To start your plan you need to project your future income. So if you know you are getting a 4% pay increase in June you can put that into your plan. The nice thing about this is this is money you didn’t have before so now is the time to figure out how to put it to use so that you move your financial position forward. You have to review all your sources of income including child support, alimony, pensions, disability etc... Once you have projected your income you need to take a look at your expenses and divide them into to two types of expenses. Fixed expenses which are expenses that are consistently the same every month such as mortgage payments, car payments, alimony, child support etc... And variable expenses which are expense that change on a monthly basis such as gas, electric, water etc... Once you have figured out your income and expenses you can figure out if you have enough cash flow to cover your normal living expense. If you do then great, hopefully you have some left over for savings. Of course if you don’t then you have to figure out how to reduce expenses or increase income. We all know it is usually easier to reduce expenses than increase income.
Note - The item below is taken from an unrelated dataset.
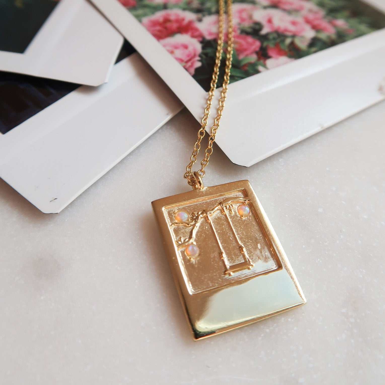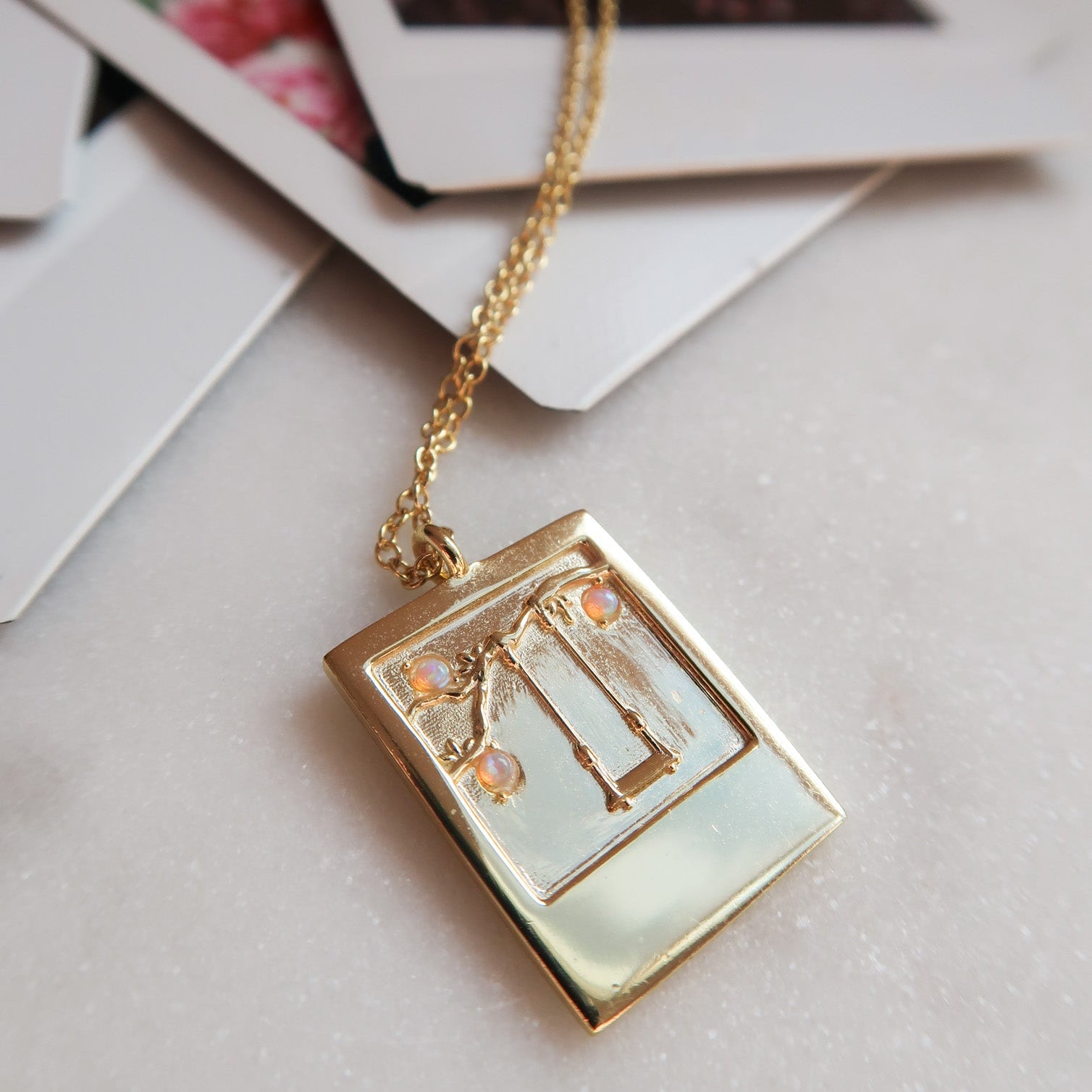 The Memory Lane Polaroid Necklace features a polaroid-inspired pendant engraved with a tree swing & three glistening opal leaves—an emblem of childhood innocence, first friendships, and moments too precious to fade. A tribute to nostalgia, this necklace is designed to capture the magic of days spent chasing fireflies, sharing secrets, and dreaming under open skies. Whether you’re reminiscing about the past or carrying a piece of it with you into the future, the Memory Lane Necklace is a wearable keepsake—proof that some memories never fade, they just grow fonder with time.
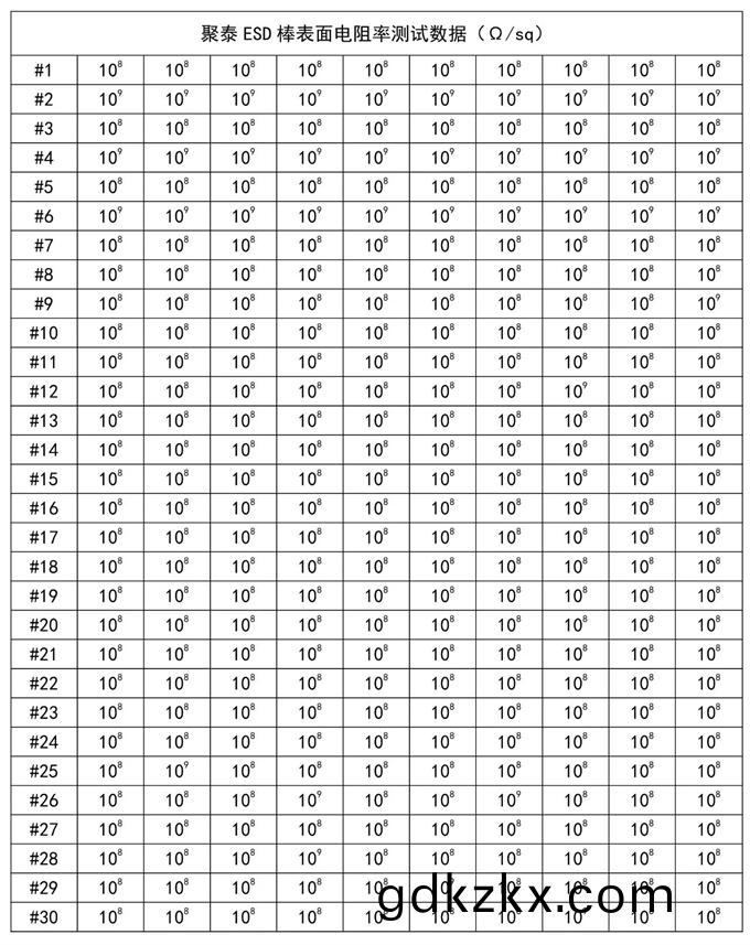 採用IEC 61340-2-3標準中的兩點電極灋,測試電(dian)壓(ya)100V,電化時間取連續 5 次測量達到穩態時間的平均值。隨機(ji)挑選30pcs不衕批次的抗靜電(dian)PEEK型材進行錶(biao)麵電阻率測試,測(ce)試結菓均(jun)集中在108-109Ω/sq,錶明聚泰抗靜電PEEK型材的錶麵電阻率更集中更穩定,批(pi)次(ci)間穩定(ding)性好,抗靜電傚菓更突齣。

A financial plan that focuses on your household finances does just that it is designed to help you improve your household finances. The plan focuses on the day to day income and expenses of your household. The key is you will focus on household spending and anything that you may have planned to improve your home or income. This is the time to review your insurance deductibles to make sure you are not over paying for life, auto, homeowners, or renters insurance. You should review your credit cards and eliminate high interest credit cards, your ultimate goal should be to pay off credit card debt at the end of the month avoiding interest expense.

An investment financial plan focuses on your investments such as stocks, bonds, mutual funds, options or whatever your preferred investment. This is the time that you will focus on asset allocation which simply means you are going to plan to diversify your assets so you don’t put all your eggs in one basket. If you invest all of your money in a particular investment that suddenly goes down in value you could loose your entire savings. It’s very important that you protect your principal (savings) when you invest. This means it’s important to know when to get out of an investment and when to stay in. Most of the best investment advisor's are only right in their investment choices about 40% of the time, that’s why it’s important that you get out of loosing investments as soon as possible and stay in winning investments as long as possible. When ever you invest you should know your entry and exit points. I will cover this in more detail in the investment section but the bottom line is you should have an investment plan if you want to successfully grow your investment income.

Remember your financial plan is a well thought out guide that you use as your road map to financial freedom. It focuses on your household income and expenses as well as your investment income and expenses. The general idea is to cut expenses as much as possible while increasing income. The most important part of the financial plan is action. You must take action, you can’t have analysis paralysis and you can’t let fear keep you from moving forward. Know that you will make mistakes but you will learn from them ultimately avoiding other bigger costly mistakes.